Insupportable ! Je me penche à droite, puis à gauche. En me redressant complètement, j’arrive enfin à voir la scène et la pièce de Feydeau jouée ce soir à la Comédie Royale, rue de Caumartin. Je peste contre l’immense chapeau de la dame de devant : des fleurs et des plumes bizarres agencées de façon complexe, tout en hauteur. Il ne manque que les faux fruits qui ornent, en revanche, le couvre-chef de sa voisine.
Les chapeaux magnifiques et spectaculaires des années 1900
Tout cela est exaspérant. Le théâtre a beau mettre dans son règlement intérieur que les chapeaux sont interdits dans la salle, les ouvreuses n’osent pas faire de réflexions à quelques grandes dames qui ignorent superbement cette disposition. Ces dernières n’imaginent pas de paraître tête nue, « en cheveux », dans la rue, au restaurant ou au théâtre.
Je suis à présent droit comme un « i » et profite d’un angle de vision retreint entre deux plumes de l’élégante de devant qui reste indifférente à ma gêne. Je reste ainsi un bon quart d’heure dans cette position raide qui me permet de ne pas rater les évolutions de la scène de ménage grotesque qui ouvre la pièce à succès « Feu la Mère de Madame ».

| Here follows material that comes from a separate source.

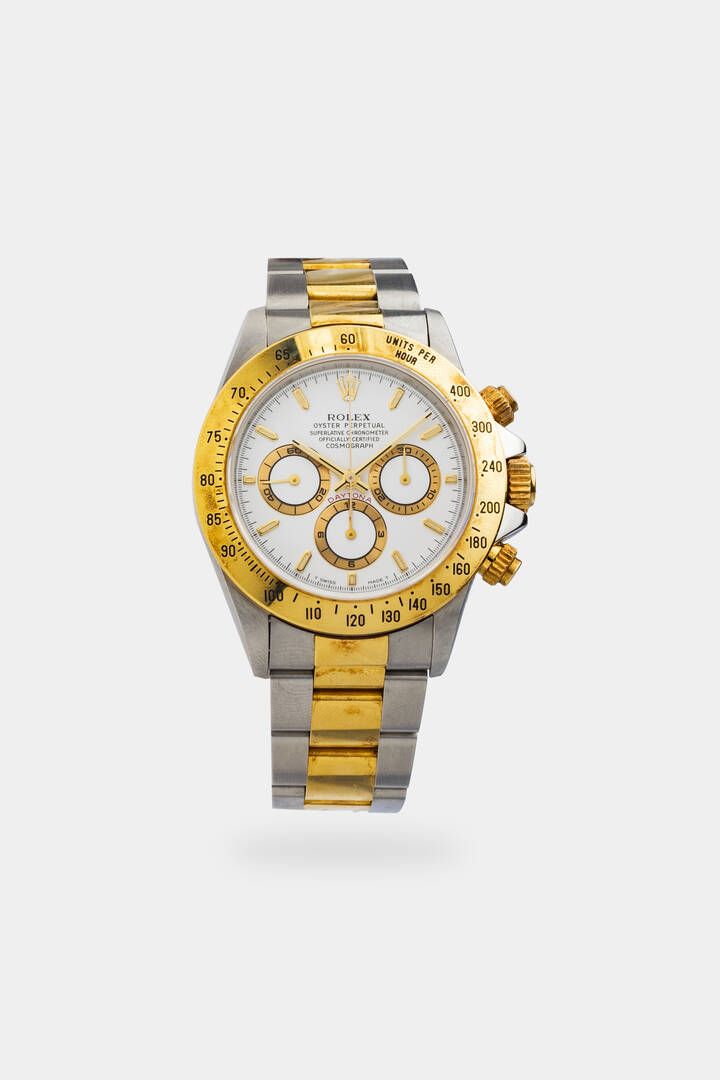 Diam. 40 mm Cassa in acciaio con fondello a vite e lunetta tachimetrica. Quadrante bianco con indici geometrici applicati indicazione dei secondi continui al 9 delle 12 ore al 6 e dei minuti cronografici al 3. Bracciale Oyster in acciaio e oro integrato con chiusura clasp. Movimento a carica automatica cal.4030. Orologio in condizioni definibili di NOS con adesivo sul fondello.
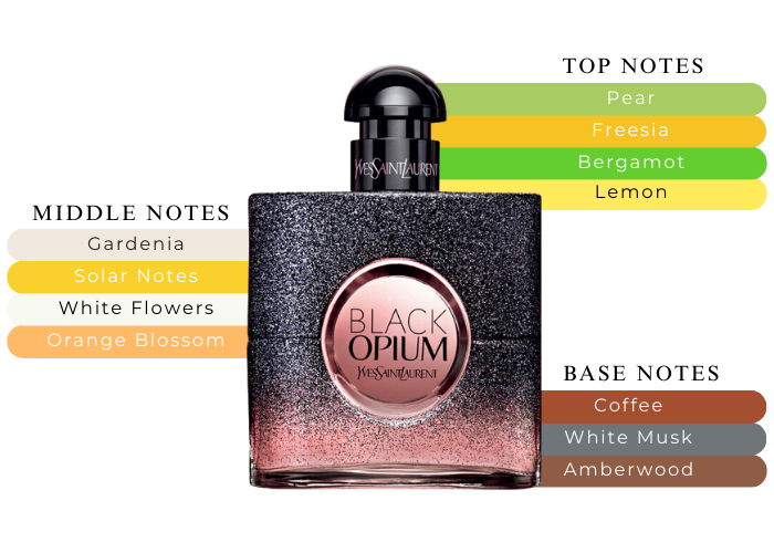 "The freshness of lemon, bergamot and pear in the top notes mixed with freesia is the first floral accord of the composition. The heart includes white flowers of golden gardenia, orange blossom and a solar floral accord. The base ends with iced coffee, white musk, mineral accord and woody amber."

Soudain, une main gantée de blanc se pose délicatement sur mon épaule. Une jeune femme toute menue, assise derrière moi, me glisse à voix basse, à l’oreille, avec timidité mais aussi beaucoup de tact : « Pardon Monsieur de vous importuner. vous êtes grand, savez-vous. Pouvez-vous, si cela vous est possible, vous caler un peu dans votre fauteuil ? Vous serez mieux assis et je pourrai ainsi regarder la pièce. Votre tête dépasse très largement votre fauteuil et je ne vois, moi qui suis petite, malheureusement rien.»
Je pousse un profond soupir, réfléchis, pèse le pour et le contre, pour lui répondre enfin :
« Ne craignez-rien, chère Madame, je sors ! »
Furieux, je dérange toute la rangée avec brusquerie puis quitte la salle… non sans avoir réclamé au vestiaire, sur un ton sec, mon beau chapeau melon.